Work required |
Reproduction of part of the material below, pictures omitted: copy exactly, and only, the lines starting with the one with "Salt fish fritters" and going on through the one with "O presidente municipal".

Data for analysis |
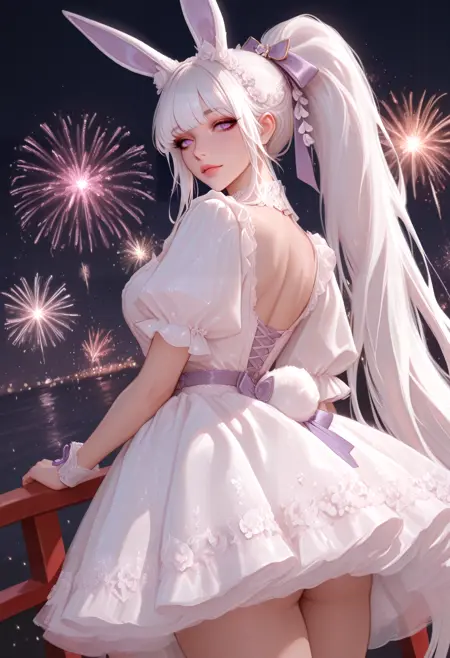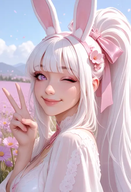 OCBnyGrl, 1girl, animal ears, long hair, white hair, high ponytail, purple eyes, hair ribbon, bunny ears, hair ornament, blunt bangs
...
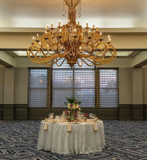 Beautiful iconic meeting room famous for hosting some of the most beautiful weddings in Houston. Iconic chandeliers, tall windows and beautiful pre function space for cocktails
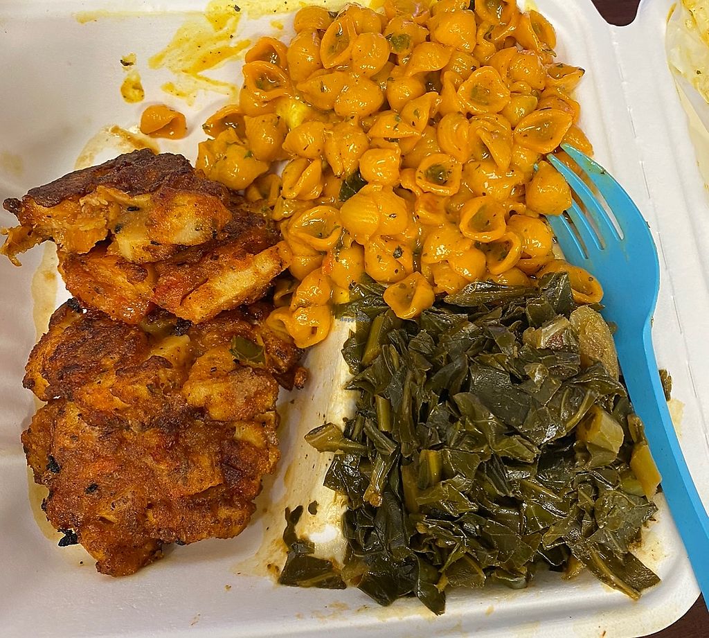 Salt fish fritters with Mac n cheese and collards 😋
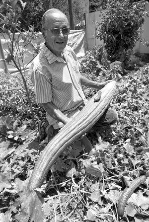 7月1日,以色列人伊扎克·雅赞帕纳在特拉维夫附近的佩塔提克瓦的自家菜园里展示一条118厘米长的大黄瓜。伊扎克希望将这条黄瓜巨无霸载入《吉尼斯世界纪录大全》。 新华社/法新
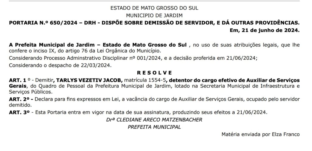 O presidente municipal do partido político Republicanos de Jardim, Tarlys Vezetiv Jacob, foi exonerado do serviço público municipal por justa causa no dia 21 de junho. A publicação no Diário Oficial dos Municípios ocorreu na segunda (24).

Exercise solution |
 Salt fish fritters with Mac n cheese and collards 😋
 7月1日,以色列人伊扎克·雅赞帕纳在特拉维夫附近的佩塔提克瓦的自家菜园里展示一条118厘米长的大黄瓜。伊扎克希望将这条黄瓜巨无霸载入《吉尼斯世界纪录大全》。 新华社/法新
 O presidente municipal do partido político Republicanos de Jardim, Tarlys Vezetiv Jacob, foi exonerado do serviço público municipal por justa causa no dia 21 de junho. A publicação no Diário Oficial dos Municípios ocorreu na segunda (24).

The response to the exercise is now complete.